Directions: Take the lines below from the one with "Богослужение возглавил первый" through the one with "Klasik tarzı ve" and print only them, exactly. Don't print the pictures.

Record extracts:
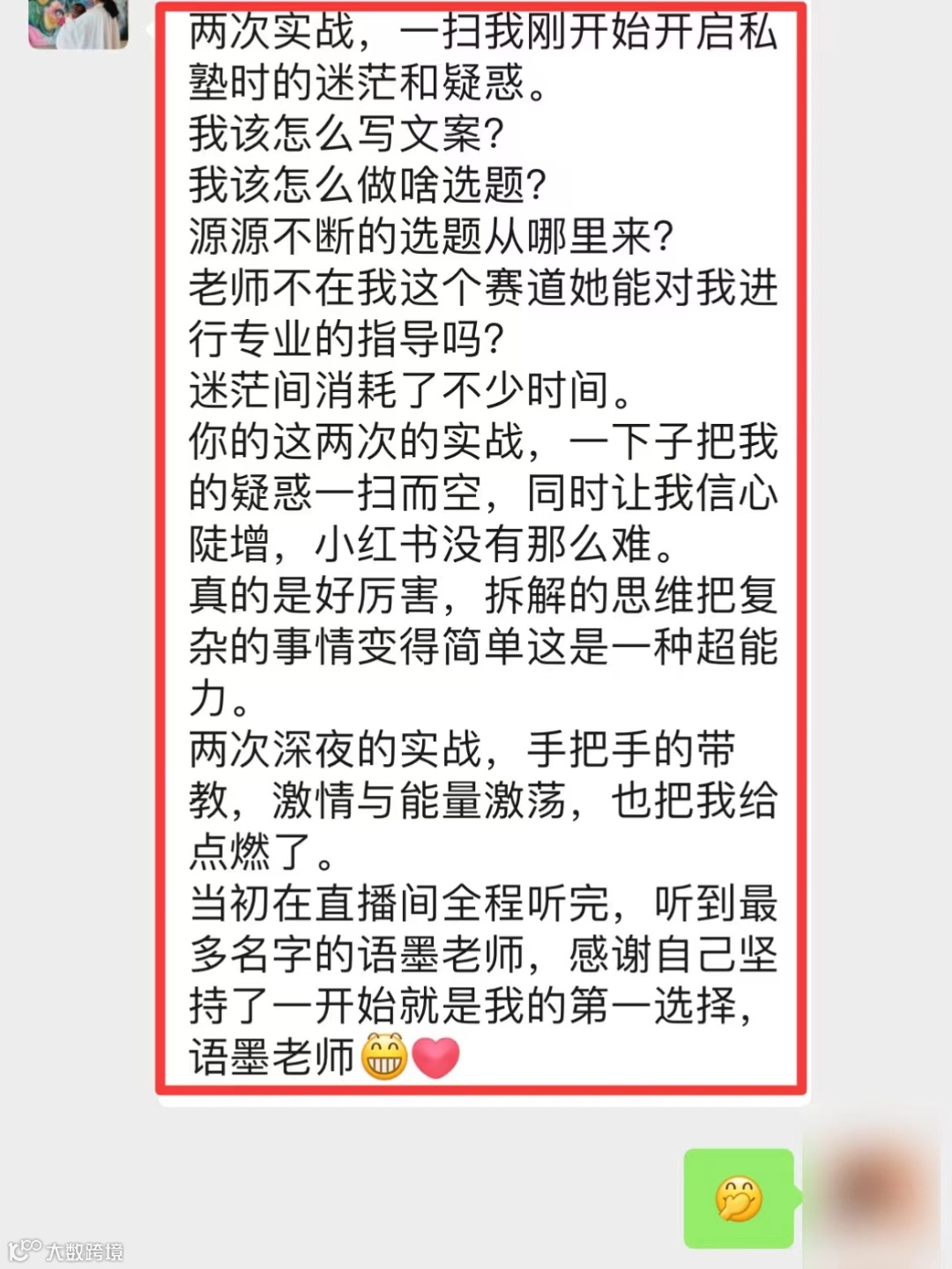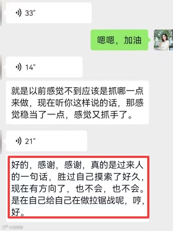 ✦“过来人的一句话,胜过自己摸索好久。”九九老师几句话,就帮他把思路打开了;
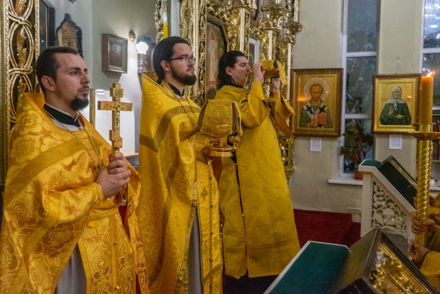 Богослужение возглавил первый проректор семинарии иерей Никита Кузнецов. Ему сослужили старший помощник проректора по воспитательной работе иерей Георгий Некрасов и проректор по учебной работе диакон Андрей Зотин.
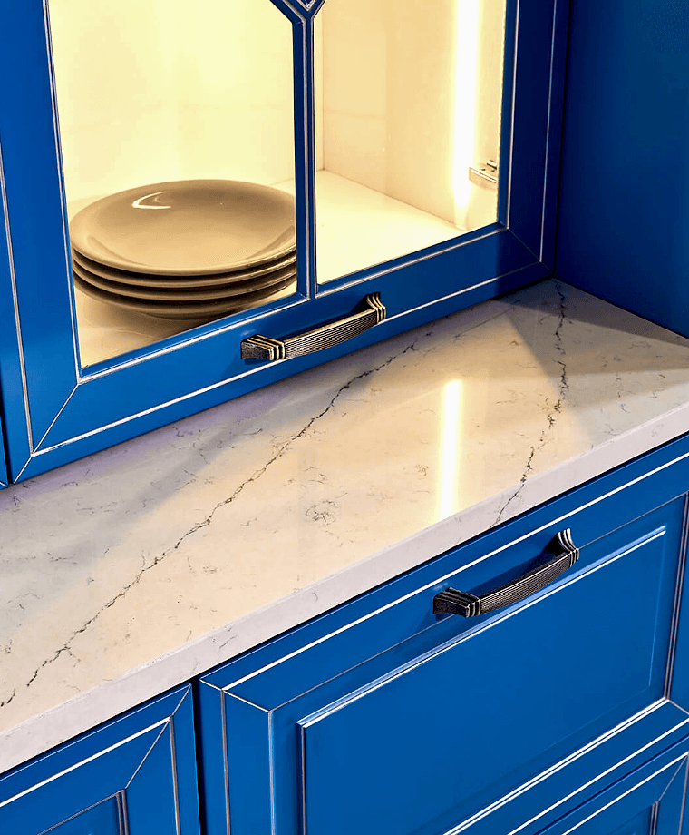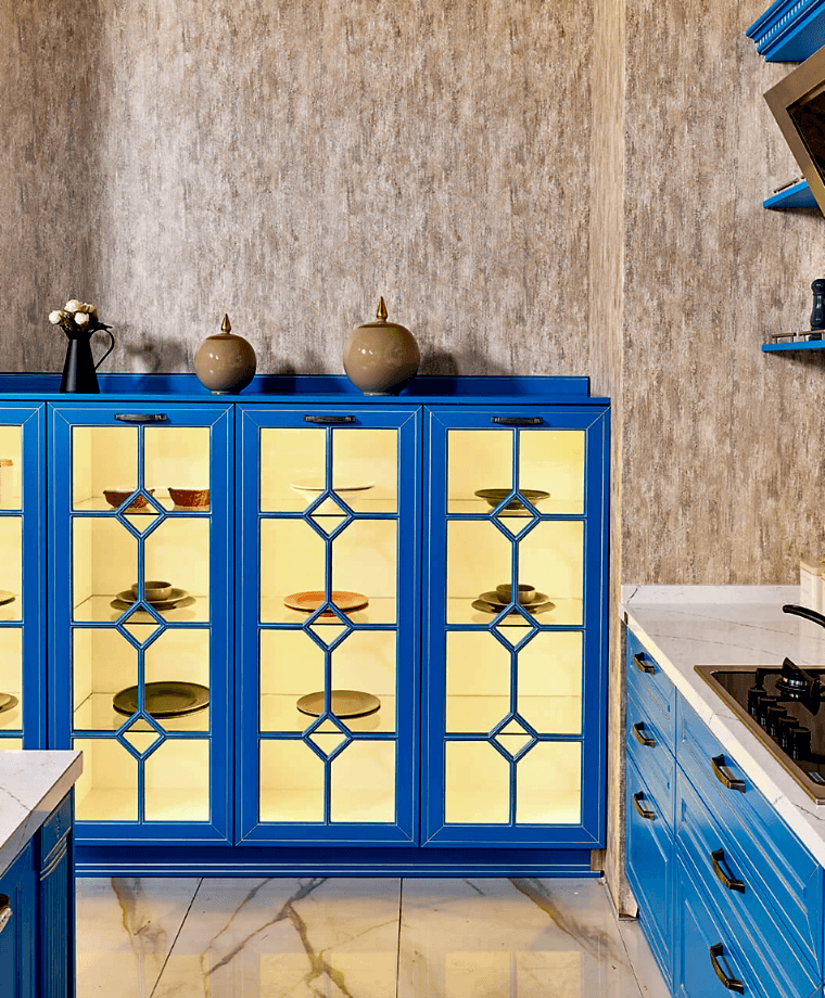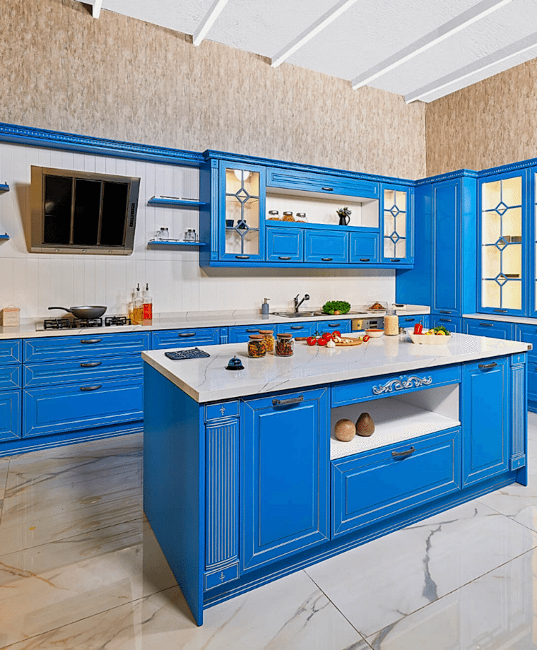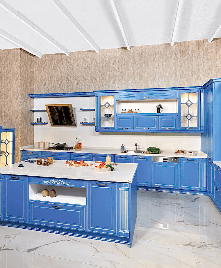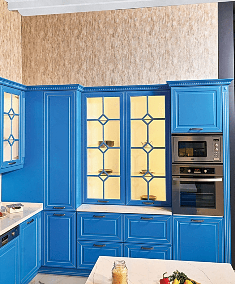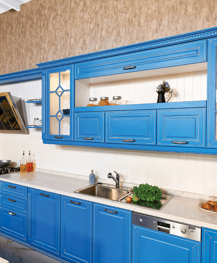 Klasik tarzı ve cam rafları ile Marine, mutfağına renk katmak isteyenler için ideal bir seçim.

---

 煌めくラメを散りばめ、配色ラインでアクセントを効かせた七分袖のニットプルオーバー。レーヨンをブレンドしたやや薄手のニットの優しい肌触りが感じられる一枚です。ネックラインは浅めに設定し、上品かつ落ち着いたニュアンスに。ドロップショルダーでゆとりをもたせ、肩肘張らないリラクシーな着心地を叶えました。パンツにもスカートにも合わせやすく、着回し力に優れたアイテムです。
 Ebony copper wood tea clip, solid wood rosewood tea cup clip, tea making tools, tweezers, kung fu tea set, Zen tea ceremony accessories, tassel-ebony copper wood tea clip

Response:
 Богослужение возглавил первый проректор семинарии иерей Никита Кузнецов. Ему сослужили старший помощник проректора по воспитательной работе иерей Георгий Некрасов и проректор по учебной работе диакон Андрей Зотин.
 Klasik tarzı ve cam rafları ile Marine, mutfağına renk katmak isteyenler için ideal bir seçim.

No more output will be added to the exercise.